I've been teaching machine learning to this particular student, so we started brainstorming ML projects. Ultimately, he wanted to use a generative adversarial network (GAN) to generate fake space pictures. We were inspired by several other projects conducted by professional astronomers and computer scientists and reported in the academic literature. I was excited by this project because it unites two of my passions: machine learning and astronomy.

We decided the project would use images from NASA's Astronomy Picture of the Day (APOD). They are, after all, some of the best images of our universe!

We outlined the project in a few steps:

  1. Teach him about how GANs work
  2. Implement a basic GAN on a common dataset like MNIST
  3. Scrape APOD for all pictures that meet our criteria
  4. Train a sophisticated GAN to fake APOD!

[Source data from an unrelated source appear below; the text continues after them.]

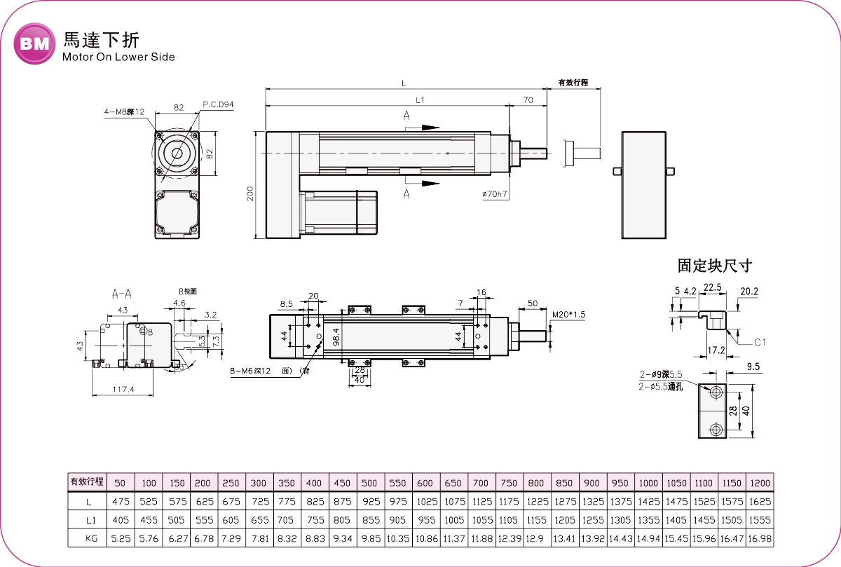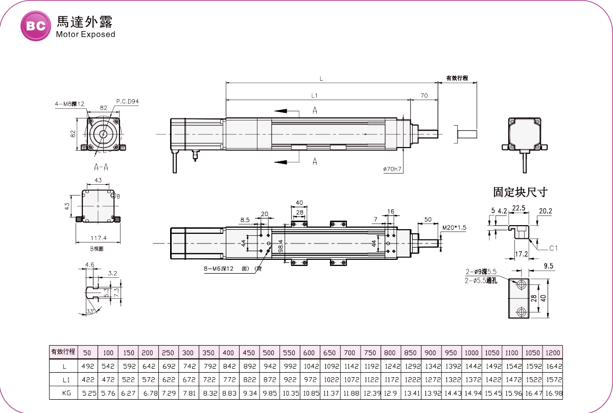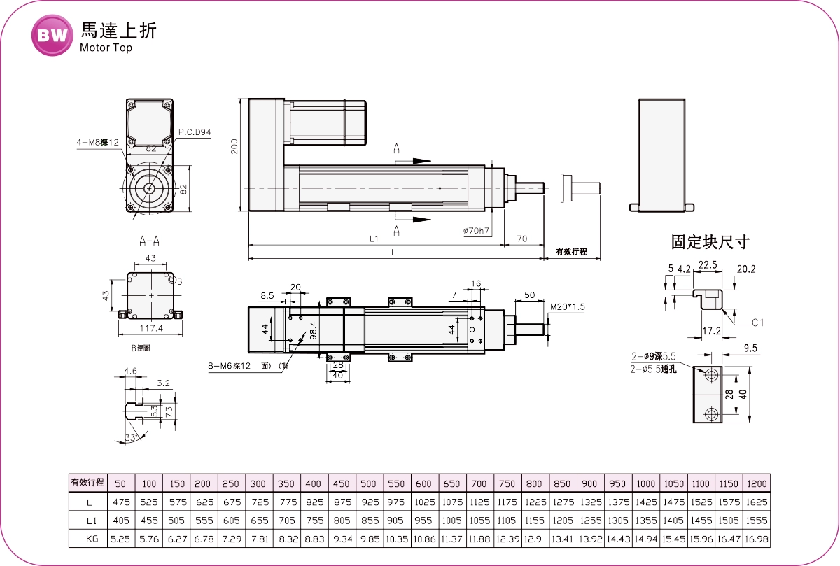 Stroke Pitch (mm)50-1200mm/50Pitch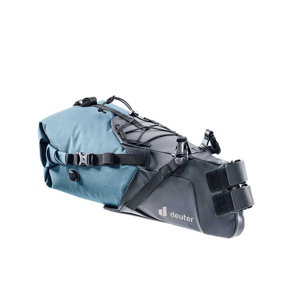 輪行時や目的地に到着してからの持ち運びを素早く可能にする2ピース構造を採用したウォータープルーフ素材を用いたサドルバッグ。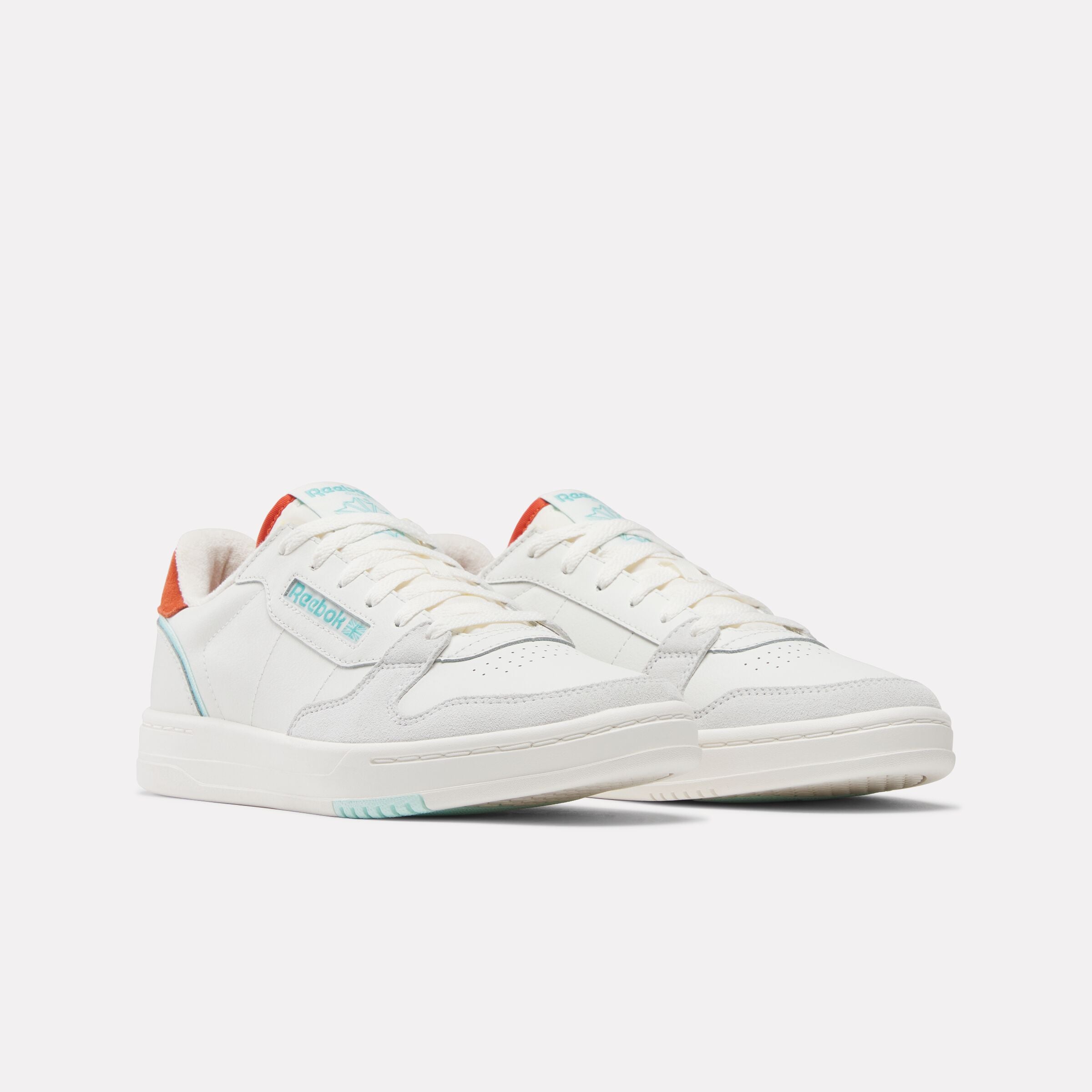 Lace up a deluxe court look when you wear these Reebok shoes. All the Phase Court details you expect with an upper of full leather and suede. Sleek. clean and effortless.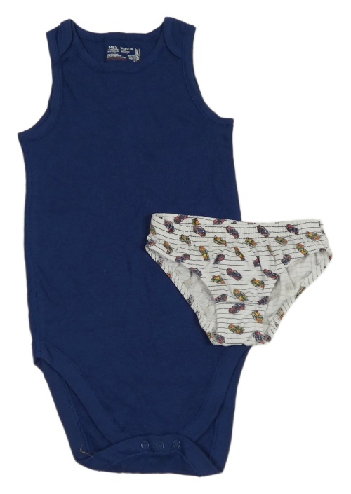 2Set - Tmavomodré nátělníkové body M&S + bílé pruhované slipy s auty St. Bernard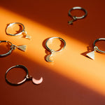 Cute, little playful hoops with textured charms inspired by sunsets at the beach.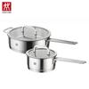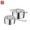 A versatile ZWILLING Nova III shallow soup pot, made from durable 304 stainless steel with a composite bottom. Suitable for various cooktops including gas, induction, ceramic, and alcohol stoves. Ideal for stewing, steaming, and braising.
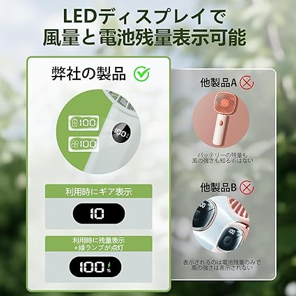 ・【LED液晶で風量・バッテリー残量表示】LEDディスプレイで風量段階とバッテリーが一目で分かるフレンドリー設計。バッテリーがスマホのような100%で表示するので、ランプ式よりバッテリー残量を細かく把握でき、扇風機の充電タイミングも分かりやすくなります。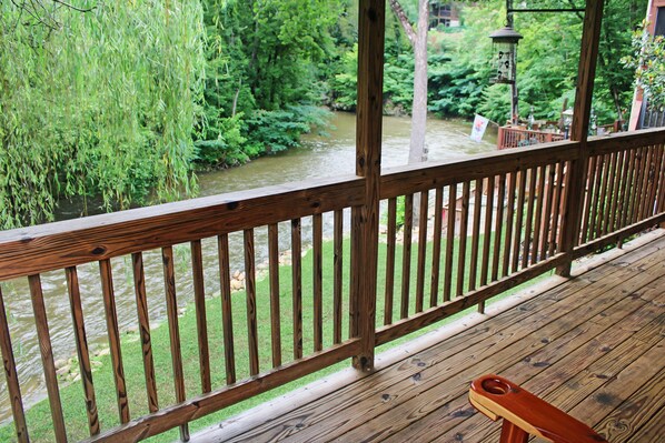 River Pointe Cottage 554 è un cottage sul fiume 3 camere da letto, 3 bagni situato a circa 1 miglio dal centro di Pigeon Forge. Questo bellissimo cottage dispone di tutti i comfort che desideri, un'ottima posizione e una splendida vista sul fiume direttamente sul tuo ponte posteriore. River Pointe 554 dispone di un caminetto a gas, 4 TV (una nel soggiorno, una in ogni camera da letto) con cavo e 2 lettori DVD (uno nel soggiorno, uno nella camera da letto al piano superiore). C'è una cucina di dimensioni complete, completamente attrezzata con lavastoviglie, forno a microonde e macchina per il caffè, lavatrice / asciugatrice full size e griglia di cottura a carbone. Tutte e tre le camere da letto hanno letti king size C'è una vasca idromassaggio interna per 2 persone in un bagno e cabina doccia con maniglioni nell'altro bagno - inoltre, questa unità è dotata di porte larghe 3 piedi in tutto, per facilità di accesso. Henderson's Riverside # 2, River Pointe 554 ospiterà fino a 6 persone. VIETATO FUMARE, PER FAVORE.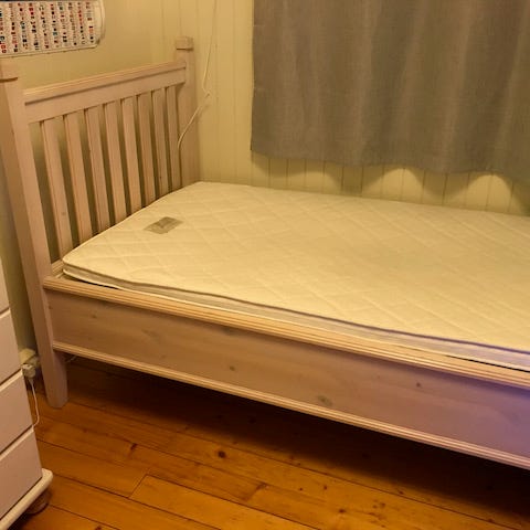 Helt ok seng, ikke mye brukt. Kan få med madrass hvis ønskelig. Må hentes i Askim.

I won't go into too much detail about steps 1 and 2 here and focus most on steps 3 and 4.

Scraping APOD

It turns out getting images from APOD is easier than I expected. Our initial approach was to parse the archive as a jumping off point. However, we quickly noticed that all the links had a standard form. To get the image from May 25th, 2022 you simply go to https://apod.nasa.gov/apod/ap220525.html. The URL is just ap followed by a two digit year code, a two digit month code, and a two digit day code. This is easily generated by a f-string in Python.

Once we got to a specific day's page, there's only one image on it. So, we can just search the HTML for the only img tag and get the link to the image resource. He only wanted to recreate deep space pictures, i.e. no panoramic Earth night sky or human creations should be in the pictures. We thought the easiest way to narrow down the images without manually inspecting them all was to restrict ourselves to images that had "NGC" in their page description. NGC stands for New General Catalogue of Nebulae and Clusters of Stars. It was created in 1888 and has thousands of nebulae, star clusters, and galaxies in it.

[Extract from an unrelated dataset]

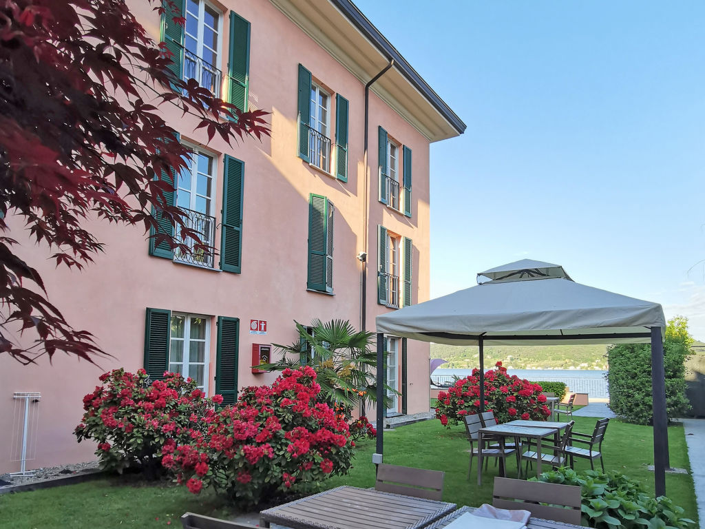 Komfortable Residenz "Antico Verbano". 28 Wohnungen in der Residenz. Im Ortszentrum von Meina, direkt am See. Zur Mitbenutzung: Garten mit Rasen und Bäumen, Schwimmbad (12 x 6 m, 120 cm tief, saisonale Verfügbarkeit: 01.Jun.-30.Sep.). Aussendusche. Im Hause: Empfang, Bar, Fahrstuhl, Sonnenterrasse, Waschmaschine (zur Mitbenutzung, extra), Fahrradverleih. Wohnungsreinigung möglich (extra). Parkplatz (beschränkte Anzahl, extra) in 200 m. Supermarkt 3 km, Restaurant, Bar 200 m, Bahnstation "Meina" 1 km. Nahe gelegene Sehenswürdigkeiten: Arona 3 km, Stresa 15 km, Orta San Giulio 17 km. Bitte beachten: Das Foto ist nur ein Hausbeispiel.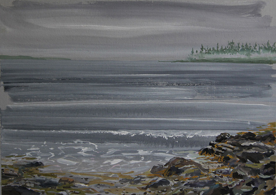 "Mystic Point 7 x 10 Gouache A quiet fog bound morning in Maine!

So, we got to writing code.

Altogether, this results in a nice, short script as shown below.

import requests
from bs4 import BeautifulSoup
from datetime import datetime, timedelta

# set the time window you want to fetch images for
start = datetime(2015, 1, 1)
end = datetime(2022, 5, 26)

# these are the base links used
link = "https://apod.nasa.gov/apod/archivepix.html"
prefix = "https://apod.nasa.gov/apod/"

def date_range(start, end):
    # Truncate the hours, minutes, and seconds
    sdate = datetime(start.year, start.month, start.day)
    edate = datetime(end.year, end.month, end.day)

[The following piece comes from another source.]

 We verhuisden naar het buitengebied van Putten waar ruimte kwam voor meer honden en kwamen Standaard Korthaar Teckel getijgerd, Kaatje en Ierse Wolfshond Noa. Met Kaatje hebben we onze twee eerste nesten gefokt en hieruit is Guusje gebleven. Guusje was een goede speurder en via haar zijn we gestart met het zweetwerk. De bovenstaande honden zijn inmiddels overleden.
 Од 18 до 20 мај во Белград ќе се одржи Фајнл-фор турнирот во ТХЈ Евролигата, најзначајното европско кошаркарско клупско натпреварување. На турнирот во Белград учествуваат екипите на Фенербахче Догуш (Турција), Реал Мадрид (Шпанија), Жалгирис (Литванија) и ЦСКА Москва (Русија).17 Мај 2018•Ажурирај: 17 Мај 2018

    # compute all dates in that difference
    delta: timedelta = edate - sdate
    return [start + timedelta(days=i) for i in range(delta.days + 1)]

for day in date_range(start,end):
    day_str = day.strftime("ap%y%m%d")
    day_link = prefix+day_str+".html"
    soup = requests.get(day_link)
    if ("NGC" in soup.text):
        try:
            soupL1 = BeautifulSoup(soup.text, features="html.parser")
            pic_suffix = soupL1.find("img")['src']
            full_link = prefix+"/"+pic_suffix
            pic_page = requests.get(full_link)
            file = open(day_str+".jpg", 'wb')
            file.write(bytes(pic_page.content))
            file.close()
            print(full_link)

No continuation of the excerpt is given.